В июне 1934 года журнал «Литературный критик» устроил в Москве обсуждение «Дня второго». Я впервые присутствовал на собрании, где говорили о моей книге и где мне самому нужно было выступить. Часто в моих воспоминаниях я отзывался с иронией или досадой о своих давних суждениях. А вот я прочитал стенограмму обсуждения «Дня второго» и, как это ни странно, почти со всем, что говорил двадцать семь лет назад, согласен и теперь. «Я чувствую себя сегодня, как один из строителей Беломорстроя: грешил, но искупил свои грехи, допущен в ряды сознательных граждан, которые строят социалистическое отечество… Уверенность, что нас, писателей, нужно судить, а мы должны каяться, на мой взгляд, неправильна… Я написал много скверных книг, не умел вынашивать книгу — не хватало зрелости; но никогда я не клеветал на советскую действительность… Теперь некоторые товарищи говорят, что я остановился в «Дне втором» на трудностях, потому что привык к комфорту… Товарищ Франкфурт, начальник строительства, и секретарь горкома считают, что я ничего не «сгущал», а показал трудности, которые были на самом деле… Товарищи здесь говорили, что Володя — умница, но что ему не противопоставлен честный комсомолец с равной эрудицией. Но, товарищи, у нас не шестой день, а второй… Я не знаю, удался ли мне «День второй», но эпигонствовать я не хочу… Мои книги написаны каракулями. Вероятно, мы все в некоторой степени Тредьяковские. Но Тредьяковский сыграл свою роль… Лучше сейчас сделать слабую книгу, но свою, чем взять немножко от Золя, немножко от Льва Толстого и немножко от советской действительности…»
Я и теперь не знаю, удалось ли мне, хотя бы частично, осуществить свой замысел. Может быть, «День второй» — слабая книга, но она не подражательна и написана по внутренней необходимости.
Дочитав последнюю страницу, Бабель сказал «вышло»; в его устах для меня это было большой похвалой. (Когда книгу перевели на французский язык, я получил длинное письмо от Ромена Роллана; он писал, что «День второй» помог ему лучше узнать советскую молодежь.)
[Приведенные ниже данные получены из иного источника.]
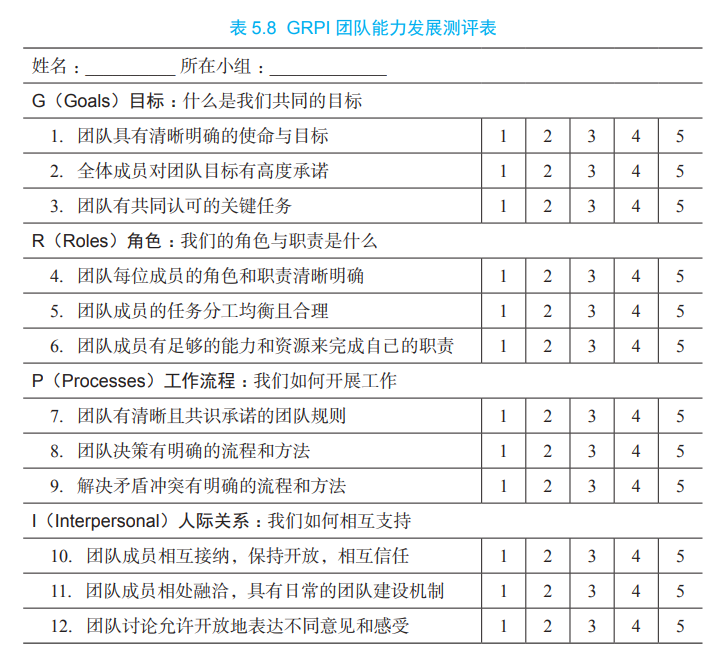 團隊動能干預工具——GRPI 團隊能力復盤 在實踐輔導階段,即項目第 2、第 3 階段,可以采用團隊能力復盤的方式,幫助小組更好地覺察自己處于哪個團隊發(fā)展階段,并對團隊動能進行鞏固和提升。 團隊能力復盤的工具很多,這里介紹一下 GRPI 團隊復盤工具(由百年基業(yè)開發(fā),以下有介紹)。這是在 GRPI 模型的基礎上開發(fā)的。這個工具可以讓小組成員停下來共同反思,“共同看見”團隊績效和團體動力方面的問題。GRPI 是測試團隊能力發(fā)展的模型,包含 Goals(目標)、Roles(角色)、Processes(工作流程)、Interpersonal(人際關系)4 個維度和 12 個子維度。 GRPI 團隊能力復盤是針對團隊設定的 GRPI 團隊能力發(fā)展目標,進行階段性復盤總結的工具。通過對團隊能力發(fā)展目標和事實過程的回顧,分析總結團隊能力發(fā)展過程中存在的經驗教訓,從而更好地促進團隊能力的發(fā)展。以下兩個活動可以更好地幫助你提升團隊動能。 活動一 :GRPI 團隊能力前測
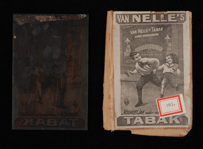 Drukplaat Van Nelle met hollende jongens voor tabaks...
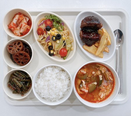 순두부찌개 함박스테이크 샐러드파스타 연근조림 마늘쫑무침 포기김치
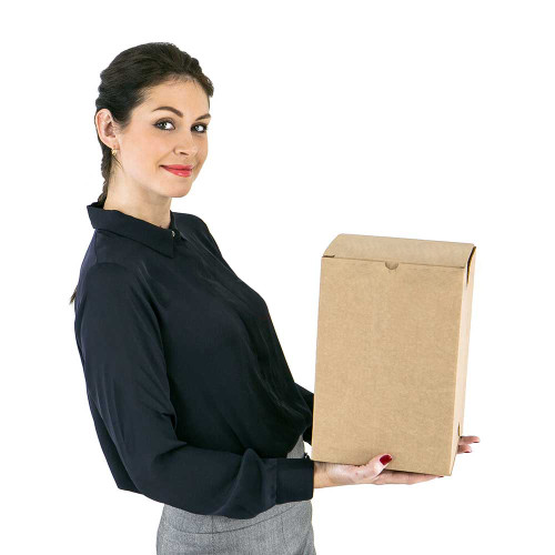 Для упаковки широкого спектру середніх та малих товарів використовується картонна коробка 200 (d) x 200 (sh) x 300 (c) з тришарового коричневого гофрованого кардону. Цей зібраний з одного цілого аркуша гофрованого картону без використання додаткових інструментів фіксації. Однією з переваг є коробка - це наявність складної кришки, яка надає презентабельний вигляд пакету і дозволяє використовувати цю скриньку як подарунок.
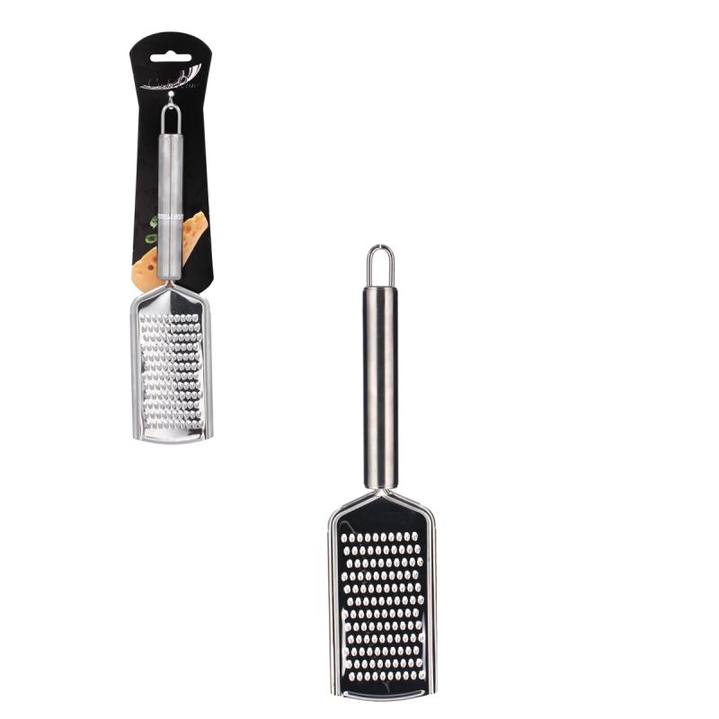 Терка из высококачественной нержавеющей стали. Имеет удобную ручку и незаменима на любой кухне при приготовлении пищи и выпечке. С легкостью натирает сыр, овощи, фрукты и другие продукты на мелкие стружки.

Я послал рукопись Ирине и попросил отдать ее в издательство «Советская литература». Вскоре Ирина мне сообщила, что рукопись вернули: «Передайте вашему отцу, что он написал плохую и вредную вещь».
Я решился на отчаянный поступок: напечатал в Париже несколько сот нумерованных экземпляров и послал книги в Москву — членам Политбюро, редакторам газет и журналов, писателям.
В тридцатые — сороковые годы судьба книги порой зависела от случайности, от мнения одного человека. Это было лотереей, и мне повезло — несколько месяцев спустя я получил длинную телеграмму от издательства: высылают договор, поздравляют, благодарят.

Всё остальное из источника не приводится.